「面白い試合をしてナンボ」のカッコよさ。桜庭和志伝説は50歳の今も継続中 (5ページ目)

  • 佐瀬順一●取材・文 text by Sase Jun-ichi
  • 長尾迪●撮影 photo by Nagao Susumu


 競技として体重差は、試合を大きく左右します。ぼくは何度もそれを体感し、難しさを痛感しました。しかし、そういう試合をしてきたことに後悔はまったくありません。そういう試合をしてきたからこそ、お客さんにインパクトを残せたことも事実だと思うからです。

 ぼくはアスリートであると同時に、プロレスラーです。プロレスで学び、プロレスから吸収した細胞がDNAとして染みついています。お客さんに伝わる試合をすること----それがプロレスラーとしての、ぼくの矜持です。

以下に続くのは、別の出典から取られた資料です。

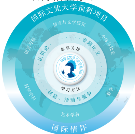
大学预科项目的模式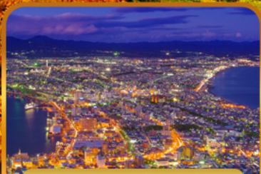
ชมวิวฮาโกดาเตะ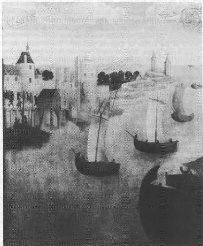
2. de vissershaven ter hoogte van de Kokstraat en meer naar rechts de grote en de kleine vierboete.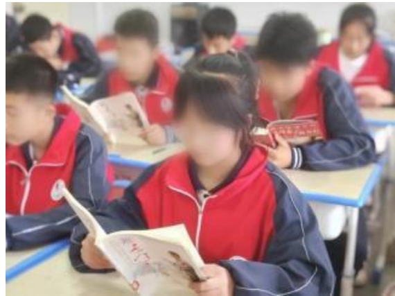
右图：甘肃成县阅读活动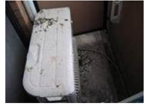
鳩の糞によるエアコンの室外機の汚染

そのため、鳩など鳥類の被害でお困りという場合は一度専門の業者に相談する方が安全であり、かつ確実に被害の解消へとつながります。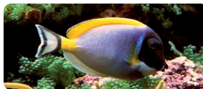
Poisson contaminé par Oodinium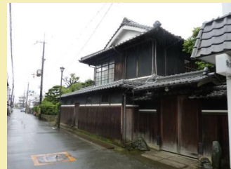
○本町、福吉町付近のまちなみ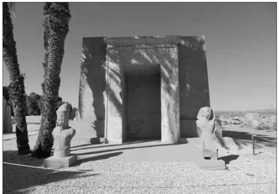
Eine weitere Kapelle (ohne Beschriftungstafel).

Es steht dort eine weitere Kapelle, bei der allerdings eine Beschriftungstafel fehlt. Davor hat man schön dekorativ links und rechts je eine Pharaonenfigur aufgestellt.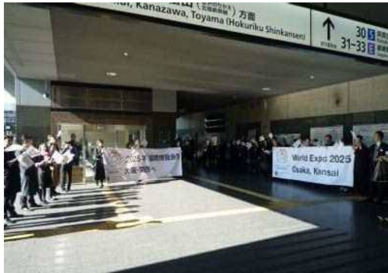
京都駅コンコース②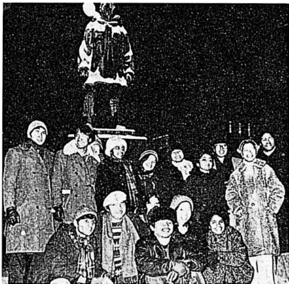
Grupp ur Song of Asia framför Roald Amundsens staty i Tromsø.

— Efteråt kan jag tycka att det hela var onödigt. Jag ser

 大きな選手に向かっていくぼくの姿を通して、お客さんの人生に何らかの影響を与えることができたとしたら、プロとしてこれ以上の幸せはありません」

 そういう意味で、ホイス戦前後の桜庭の傍(かたわら)で一緒に仕事をさせてもらえたのは、私にとって財産でしかない。専門誌の記者でも、名のあるライターでもない私が、今でもこうやってプロレスや格闘技の仕事をしていられるのは、桜庭の自伝『ぼく。』を企画した担当編集者だったという恩恵が少なからずある。